Pat, an easy-going, earth-mother type, has managed to reach the same heights as Marni without owning a power suit or keeping a meticulously organized daybook. “I’m not much of a planner,” says this real-estate agent and self-proclaimed people person. “If I ever made a to-do list, I’d probably forget where I put it.” But she always finds time to listen to the concerns of anxious home buyers or worried would-be sellers. Her soft-spoken, unhurried demeanor and uncanny ability to sense what others are feeling pay off handsomely in new business referred to her by satisfied customers.
Marni and Pat are living proof that different people can approach work differently and still succeed. According to career consultants, any style of operating can work in your favor, as long as it’s flexible, in sync with the preferences and personalities of those around you, and not taken to extremes.
We all have work styles—a characteristic way of solving on-the-job problems, sharing information, making decisions—that seem to come naturally to us. Such styles are a combination of habit, temperament, behaviors learned from previous job experiences, and lifelong personality traits. They can be seen in the way we walk, talk, dress, manage our time, relate to coworkers, respond to authority figures, and generally get work done. They’re the personal stamps we put on the jobs we do.
Work styles can help you get noticed. “Styles can’t substitute for substance,” says Colorado-based consultant Debra Benton, author of Lions Don’t Need to Roar: Using the Leadership Power of Professional Presence to Stand Out, Fit In, and Move Ahead. “Competence, knowledge, and ability are definitely necessary.” But being perceived as able, smart, and on top of things is also necessary. And that’s where style, or what Benton calls professional presence, comes in. “If substance is there, success is one-quarter performance and three-quarters presence,” she comments.
One Size Does Not Fit All
You have a much better chance of succeeding if the presence that comes naturally to you “fits” the one demanded by your job. If it doesn’t—and if the gap between the two is wide enough—the stress of striving to be something you’re not can turn you into a monster.

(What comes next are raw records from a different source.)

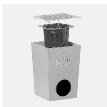
Dvorový vpust z polymérbetónu s krycím roštom z pozinkovanej ocele.
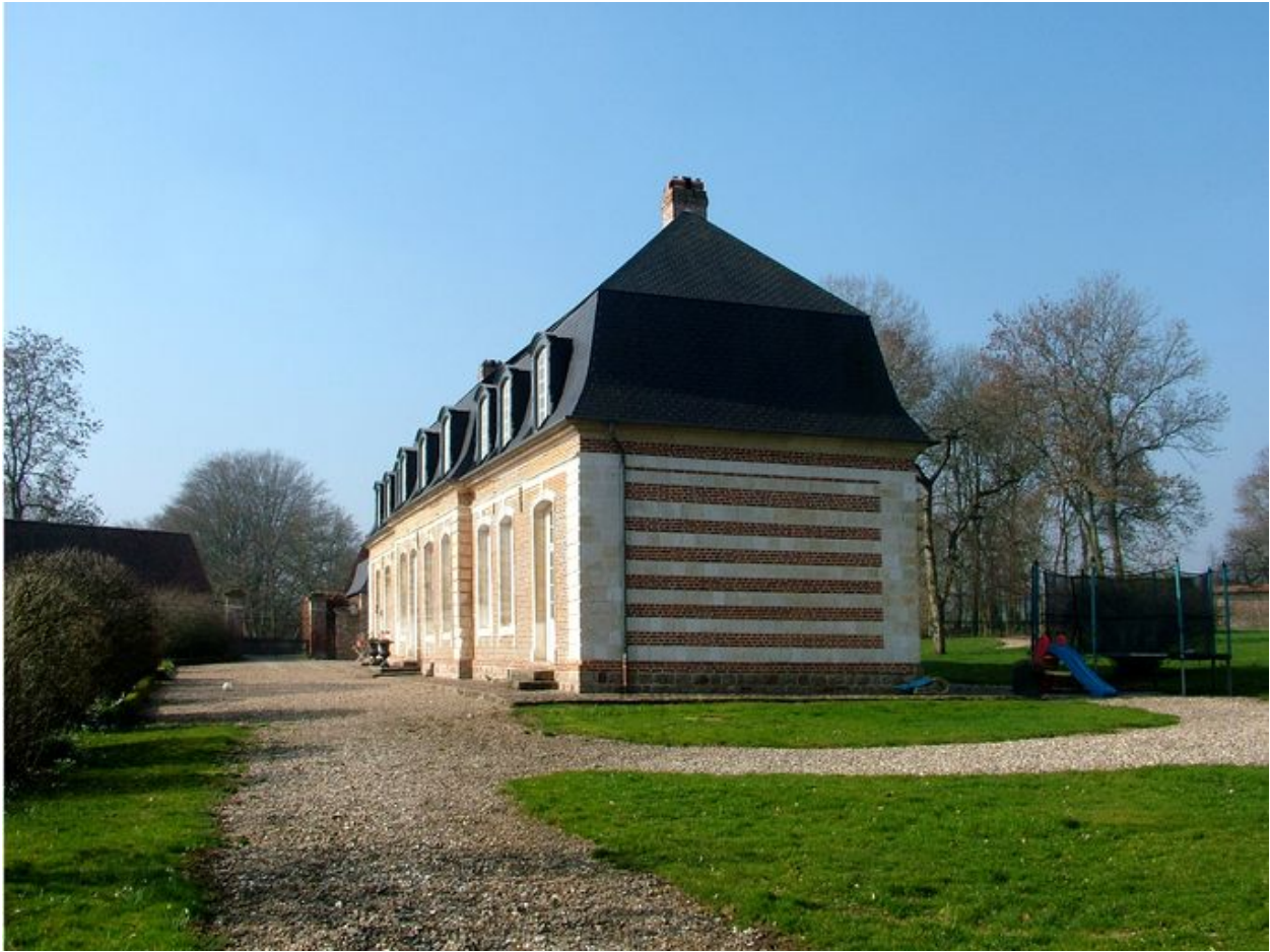
Fransu, château de Houdencourt, 3e quart du 18e siècle.
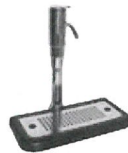
G68WG 3-veis kolonnekran Del nr.: 099041
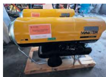
Wśród zakupionych przedmiotów znalazły się nagrzewnice.
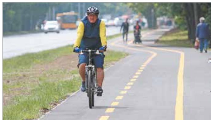
A Szentpéteri kapui bicikliút még nincs kész teljesen, de már elkezdték használni.

Ez részben kerékpáros nyom felfestésével, részben forgalomtól elválasztott új gyalog- és kerékpárút építésével valósul meg. Ilyen új kerékpárút épül a Huba utcától a város határáig. Mintegy hat kilométernyi új út készül a két keréken közlekedőknek.
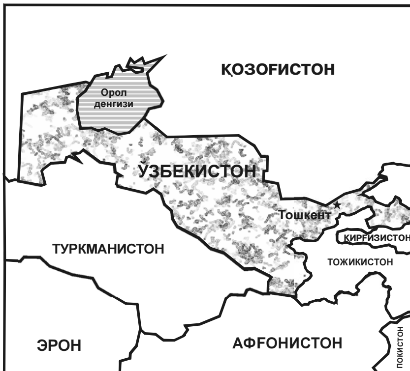
Ўзбекистон ва унга чегарадош давлатлар

катларнинг ҳар бири ўзбеклар гуж бўлиб яшайдиган муайян ҳудудларга эга. Тожикистонда аҳолининг 25%, Қирғистонда - 15%, Туркменистонда - 10%, Қозоғистонда - 3% га яқинини ўзбеклар ташкил этади. Турли баҳолашларга кўра, Афғонистонда 2-2,5 миллион ўзбек яшайди.
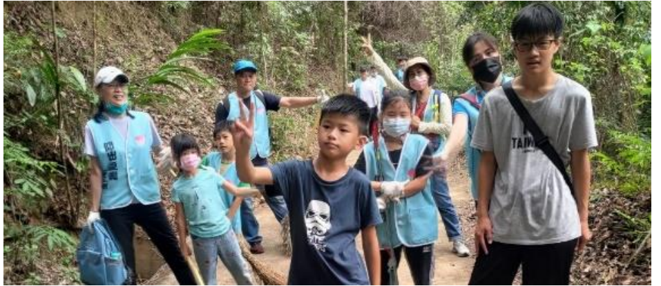
▲第四組的小朋友們要爬上好漢坡才能抵達清掃區域，真是辛苦你們了~
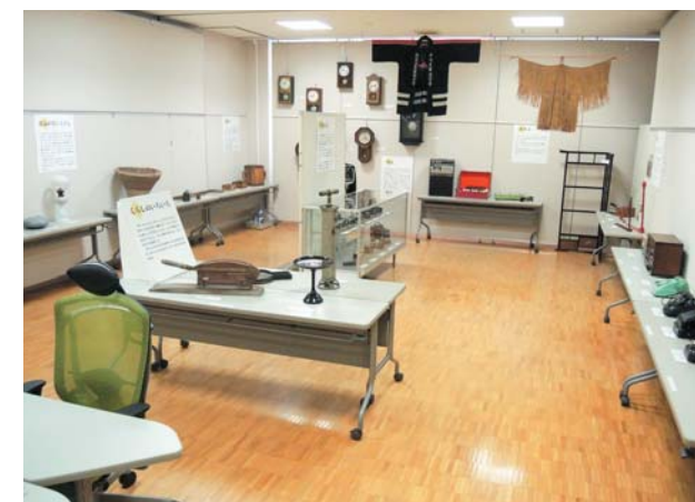
公民館での展示風景、集まった展示品はすべて地元からの出品
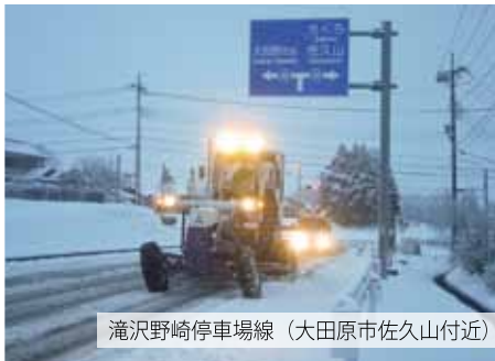
滝沢野崎停車場線（大田原市佐久山付近）
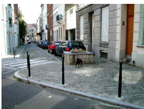
rue du Berceau
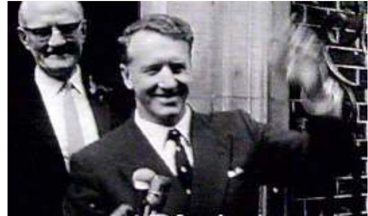
Ian Smiths Rhodesien widersteht Sanktionen
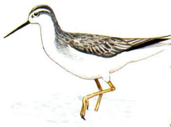
Falaropo común Wilson's Phalarope Phalaropus tricolor (20 cm)
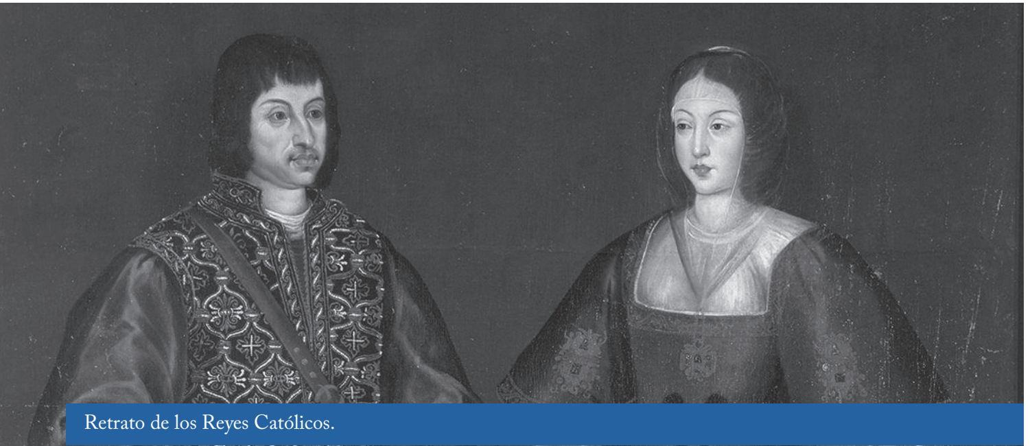
Retrato de los Reyes Católicos.

Al margen de lo idóneo, lo documentado o lo por documentar, el hecho irrefutable es que estamos ante una situación poco favorable para el pueblo español
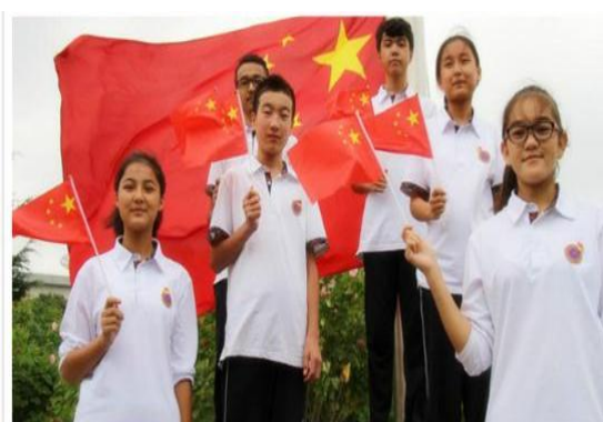
我的“中国梦”主题团日活动
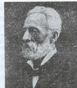
19-rasm. Adolf Bastian

Nemis antropologiyasi va evolyutsionizmning Germaniyadagi asoschisi Adolf Bastian yirik nazariyotchi va fan tashkilotchisi edi. Dunyoning turli hududlaridagi 9 ta ilmiy ekspeditsiya davomida to'plagan ma'lumotlari unga ilmiy konsepsiya yaratish imkonini berdi. Bastian g'oyasining muhim tomoni unda insoniyat tarixining soddalikdan murakkablikka tomon yuksalishi izohlangani bo'ldi. U o'z tadqiqotlarida barcha odamlar dunyoqarashining o'zagiga – psixologiyaga e'tibor qaratdi . Bastianning fikricha, ibtidoiy odamlar tarixiy-geografik muhitga moslashuv borasida elementar, deyarli psixik strukturaga ega bo'lishgan. Insonlar ruhiyatining o'xshashligini turli xalqlar o'tmishidagi ertaklar, afsonalar ayrim g'oyalardagi umumiylikda ham kuzatishimiz mumkin. Har bir xalq o'z g'oyalari majmuasini yaratadi va ular ushbu xalq madaniyatining mohiyatini belgilaydi .
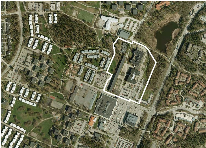
Ändringsområdets läge i Orminge centrum.

Antagen av miljö- och stadsbyggnadsnämnden 2011-10-19 § 308

Just ask Cora, a market researcher with a meticulous, one-task-at-a-time style who accepted a position more suitable for a juggler. “The man who had the job before me could keep four projects going at once and, at any given moment, know exactly what was happening with each one,” she says. “Naturally, I tried to do the same.”
Cora worked late, came in on weekends, made list and flow charts, and still couldn’t perform her predecessor’s juggling act. “I’d be working on project A and someone would ask me for a stat from project B. So I’d drop everything to go look for it. But before I found it, my boss would call me for an update on project C, and I’d have to pull the files on that project. It was endless. I began to feel like a ticking bomb that would explode the next time anyone asked me for anything.”
No longer able to conceal her irritation with her boss’ and coworkers’ demands, Cora snapped at them often and spent as much time as she could behind her locked office door. In six months, she’d picked at least one fight with every member of her research team, was barely speaking to anyone…and was as relieved as they were when she was offered her old job back.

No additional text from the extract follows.